次に、前記ジャガイモを包んだパウチを、貯湯式レトルト装置を用いて0.2MPa、120℃で30分間レトルト処理を行ない、レトルト前後のラミネートフィルムについて、酸素透過度と水蒸気透過度を下記に示す手順で測定した。なお、脱気包装による内容物の凹凸形状及びレトルト処理によるフィルムの熱収縮による影響を耐屈曲性の代用特性とした。結果は以下の表2に示す。
[酸素透過度の測定方法]
酸素透過度は、酸素透過度測定装置(MOCON社製 OXTRAN 2/20)を用いて、温度30℃、相対湿度70%の条件で測定した。測定方法は、JIS K−7126、B法(等圧法)、およびASTM D3985−81に準拠し、測定値は単位[cc/m・day・MPa]で表記した。
[水蒸気透過度の測定方法]
水蒸気透過度は、水蒸気透過度測定装置(MOCON社製 PERMATRAN W3/31)を用いて温度40℃、相対湿度90%の条件で測定した。測定方法は、JIS K−7129、ASTM F1249−90に準拠し、測定値は単位[g/m・day]で表記した。
Figure 2016150492
Figure 2016150492
<比較結果>
実施例1〜4で得られた本発明品のガスバリアフィルムは、虐待性試験後の酸素透過度及び水蒸気透過度の低下が僅かであった。一方、比較例1〜3で得られたガスバリアフィルムは虐待性試験後の酸素透過度及び水蒸気透過度は大きく低下した。これにより、本発明のガスバリアフィルムは屈曲性に対応できる包装材料として優れたガスバリア性を有することが確認された。
本発明のガスバリアフィルムは、フィルムに対して引っ張りや屈曲などの外力が加わった場合においても、バリア性の低下が少なく、初期の高いバリア性を維持することができる。そのため、凹凸のある内容物を入れて真空包装するような形態の容器にでも使用することが可能である。

Claims (3)

  1. フィルム基材の一方の面に、密着層とガスバリア層が順次積層されてなるガスバリアフィルムであって、
    前記密着層は、アクリルポリオール、イソシアネート化合物およびシランカップリング剤を含む組成物からなる透明な層で、
    前記ガスバリア層は、金属酸化物(A)とリン化合物(B)との反応生成物を含む組成物からなる層で、且つ、800〜1400cm−1の範囲における赤外線吸収スペクトルの最大吸収波数(n1)が、1080〜1130cm−1の範囲にあることを特徴とするガスバリアフィルム。

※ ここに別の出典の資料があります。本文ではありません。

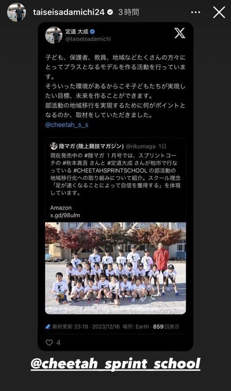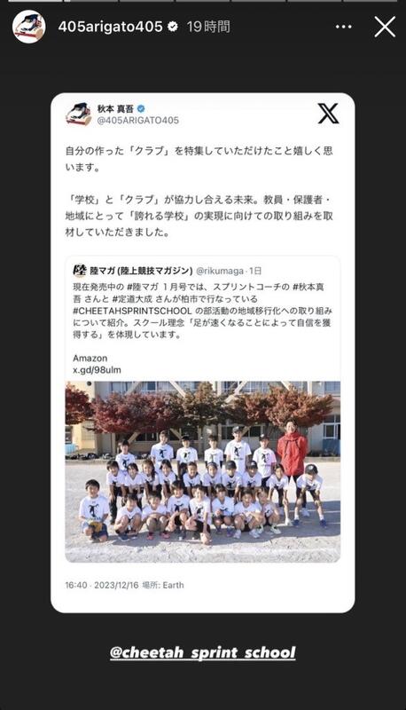 #柏第七小学校#部活動地域移行化#実践#陸上マガジン#1月号にて掲載#special_thanks#秋本真吾#定道大成#cheetah_sprint_school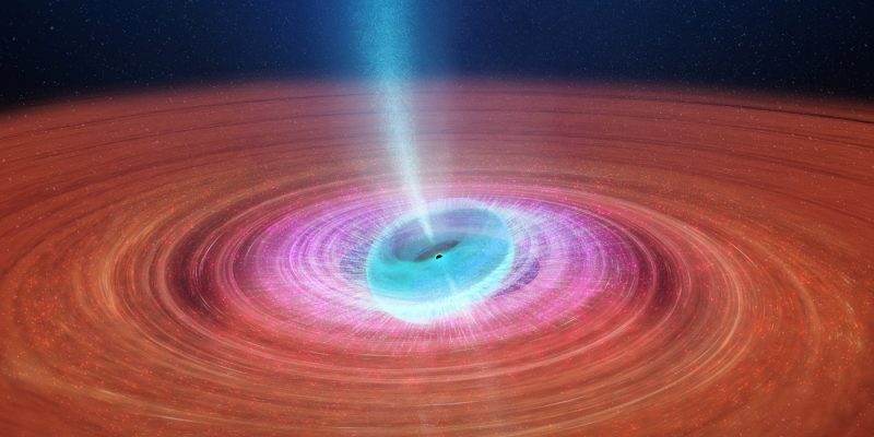 Nel processo di accrescimento del buco nero, una piccola porzione di materiale viene espulsa violentemente a velocità prossime a quella della luce in potenti e luminosi getti di plasma caldo, che formano due colonne lungo l’asse di rotazione del buco nero.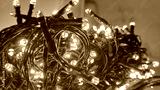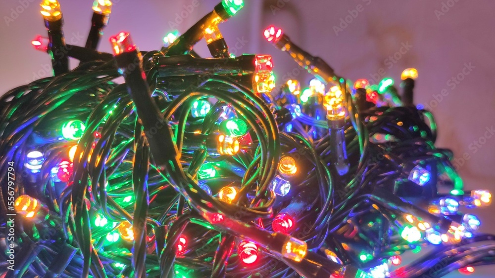 Electric Christmas LED garland. A long electric wire wound into a ball with many LEDs. They light up in different colors. The LEDs are covered with round transparent washers that amplify the light.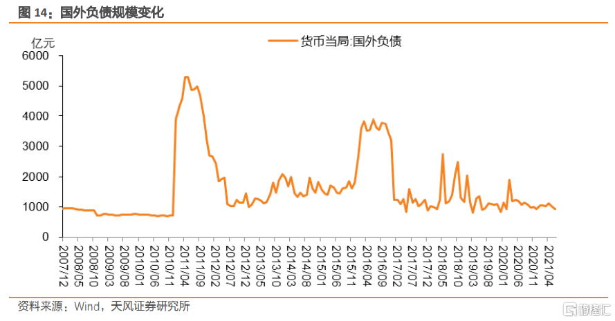 2011年1月開始,因爲統計口徑的調整,原來外國銀行在我國央行的存款從“儲備貨幣-其他存款性公司存款”調整至“國外負債”,這使得當時該科目出現大幅增長,之後的大幅下降則可能與資本流動有關。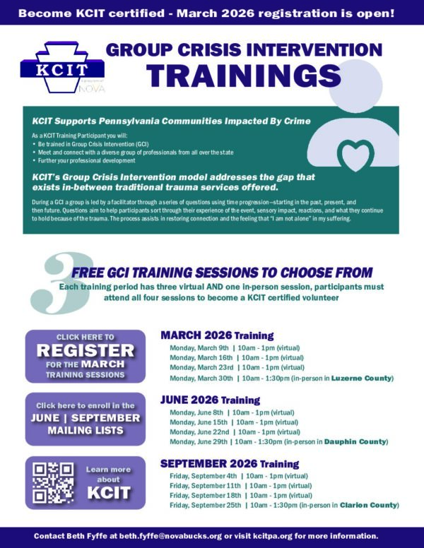 - Be professionally trained in Group Crisis Intervention (GCI) for mass trauma

  2. 前記金属酸化物(A)を構成する金属原子(M)がアルミニウムであることを特徴とする請求項1に記載のガスバリアフィルム。
  3. 前記密着層に含まれるイソシアネート化合物が、キシレンジイソシアネートとイソホロンジイソシアネートとの混合物からなることを特徴とする請求項1または2に記載のガスバリアフィルム。